+++ Source data +++
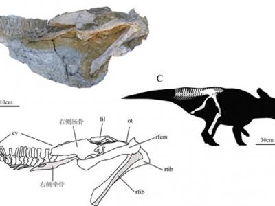 图1:诸城坐角龙正型标本侧视(A、B)及复原图(C) (贺一鸣供图) 图2:诸城坐...
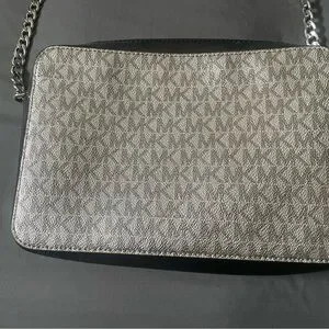 Elegant Michael Kors messenger bag in silver and black. Features a sleek design with chain strap.
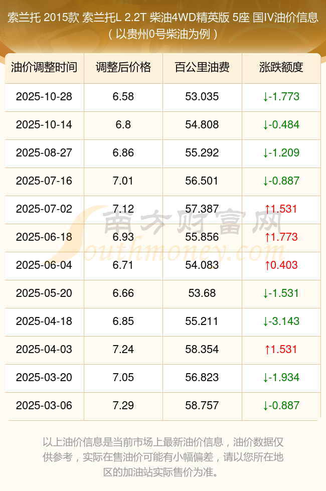 按照10月28日0號柴油最新調(diào)整價格6.58元/升來計算(以貴州為例),該車型百公里平均油費為53.035元,按照上一輪10月14日調(diào)整價格6.8元/升來計算,百公里平均油費為54.808元,對比上一輪少花1.773元,下一輪油價調(diào)整時間為11月10日24時。
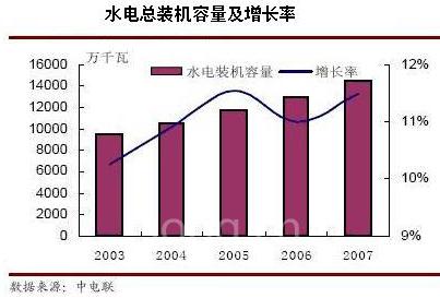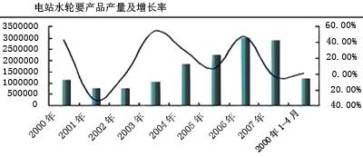 截至2007年底,我國(guó)水電裝機(jī)容量已經(jīng)達(dá)到1.45億千瓦,07年新增水電裝機(jī)1536萬千瓦。水電總裝機(jī)容量及增長(zhǎng)率見圖6。電站水輪機(jī)產(chǎn)品產(chǎn)量及增長(zhǎng)率見圖7。要達(dá)到2010年的目標(biāo),未來三年,年均新增達(dá)到1500萬千瓦即可滿足,與07年新增量持平。按照《可再生能源中長(zhǎng)期發(fā)展規(guī)劃》,至2010年我國(guó)水電裝機(jī)達(dá)到1.9億千瓦,其中大型1.4億千瓦,“十一五”期間新增裝機(jī)7300萬千瓦。“十二五”期間,我國(guó)還將進(jìn)一步加大水電投資規(guī)模,“十二五”期末我國(guó)水電裝機(jī)容量將達(dá)到2.3億千瓦,占到總裝機(jī)容量的25%,期間年均投資額將達(dá)到750億元。到2020年,我國(guó)水電裝機(jī)容量達(dá)到3億千瓦,其中大中型水電2.25億千瓦。要完成2020年目標(biāo),2010年之后年均新增1100萬千瓦即可。因此,水電新增裝機(jī)總體是平穩(wěn)的。
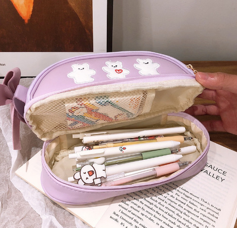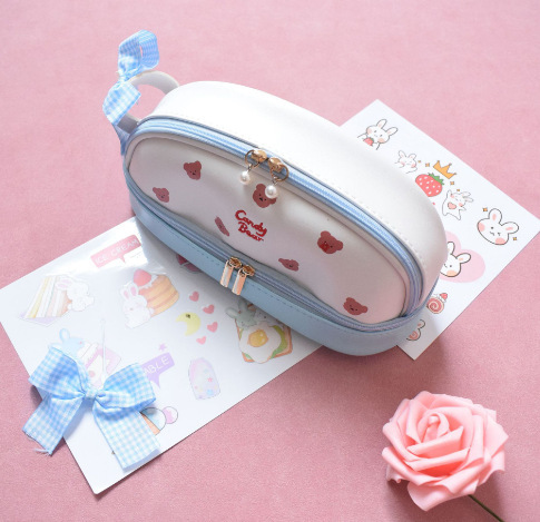 공장 소녀 하트 더블 레이어 필통 스타일 간단한 문구 상자 중학교 및 초등학생을위한 대용량 문구 보관 가방스토어 가기
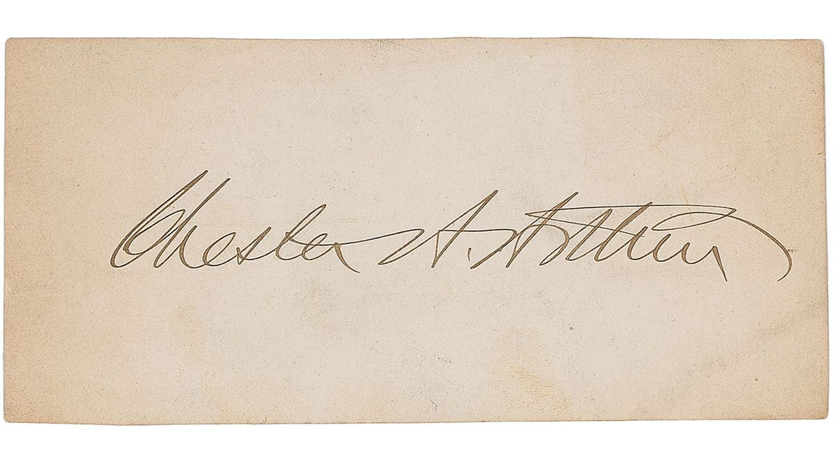 Crisp ink signature, “Chester A. Arthur,” on an off-white 5.25 x 2.5 card. In fine condition, with moderate toning to edges.
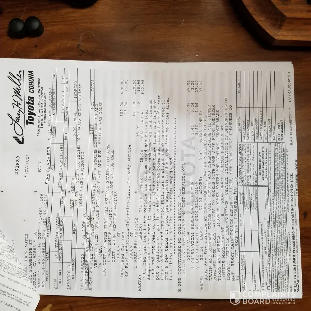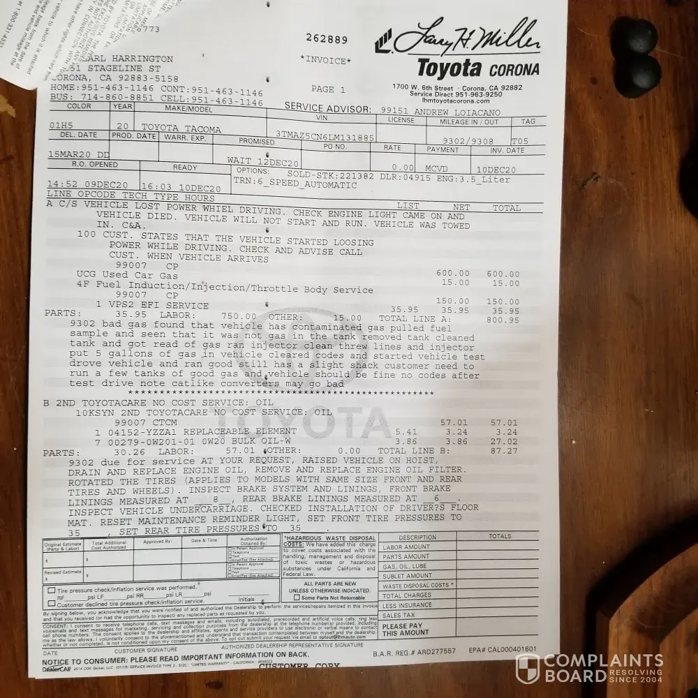 I have a 2020 Toyota Tacoma which I filled up with unleaded gas at an Arco gas station. It was not gas or properly mixed gas, my Truck died as soon as the old gas ran out. It cost me $900.00 dollars to take off the tank and flush the lines, and put new gas not at Arco. The chemical at pump #2 damaged my gas lines on the outside plus I was stuck for 6 hours on the road waiting for a tow truck. I have not heard back from Arco yet only twice they contacted me. My name is Rick Harrington at [protected]. The Gas station is located on Temescal Canyon in Corona Ca 23760
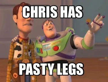 Make your own "Funny Chris has Pasty legs" meme with MemeCreator's free online meme generator. Add text, stickers, and drawings — then download or share. No watermark, no sign-up required.
+++
• _Task to carry out_: An exact repetition of all the records above is required, excluding the pictures.

• _Output_:
 图1:诸城坐角龙正型标本侧视(A、B)及复原图(C) (贺一鸣供图) 图2:诸城坐...
 Elegant Michael Kors messenger bag in silver and black. Features a sleek design with chain strap.
 按照10月28日0號柴油最新調(diào)整價格6.58元/升來計算(以貴州為例),該車型百公里平均油費為53.035元,按照上一輪10月14日調(diào)整價格6.8元/升來計算,百公里平均油費為54.808元,對比上一輪少花1.773元,下一輪油價調(diào)整時間為11月10日24時。
 截至2007年底,我國(guó)水電裝機(jī)容量已經(jīng)達(dá)到1.45億千瓦,07年新增水電裝機(jī)1536萬千瓦。水電總裝機(jī)容量及增長(zhǎng)率見圖6。電站水輪機(jī)產(chǎn)品產(chǎn)量及增長(zhǎng)率見圖7。要達(dá)到2010年的目標(biāo),未來三年,年均新增達(dá)到1500萬千瓦即可滿足,與07年新增量持平。按照《可再生能源中長(zhǎng)期發(fā)展規(guī)劃》,至2010年我國(guó)水電裝機(jī)達(dá)到1.9億千瓦,其中大型1.4億千瓦,“十一五”期間新增裝機(jī)7300萬千瓦。“十二五”期間,我國(guó)還將進(jìn)一步加大水電投資規(guī)模,“十二五”期末我國(guó)水電裝機(jī)容量將達(dá)到2.3億千瓦,占到總裝機(jī)容量的25%,期間年均投資額將達(dá)到750億元。到2020年,我國(guó)水電裝機(jī)容量達(dá)到3億千瓦,其中大中型水電2.25億千瓦。要完成2020年目標(biāo),2010年之后年均新增1100萬千瓦即可。因此,水電新增裝機(jī)總體是平穩(wěn)的。
 공장 소녀 하트 더블 레이어 필통 스타일 간단한 문구 상자 중학교 및 초등학생을위한 대용량 문구 보관 가방스토어 가기
 Crisp ink signature, “Chester A. Arthur,” on an off-white 5.25 x 2.5 card. In fine condition, with moderate toning to edges.
 I have a 2020 Toyota Tacoma which I filled up with unleaded gas at an Arco gas station. It was not gas or properly mixed gas, my Truck died as soon as the old gas ran out. It cost me $900.00 dollars to take off the tank and flush the lines, and put new gas not at Arco. The chemical at pump #2 damaged my gas lines on the outside plus I was stuck for 6 hours on the road waiting for a tow truck. I have not heard back from Arco yet only twice they contacted me. My name is Rick Harrington at [protected]. The Gas station is located on Temescal Canyon in Corona Ca 23760
 Make your own "Funny Chris has Pasty legs" meme with MemeCreator's free online meme generator. Add text, stickers, and drawings — then download or share. No watermark, no sign-up required.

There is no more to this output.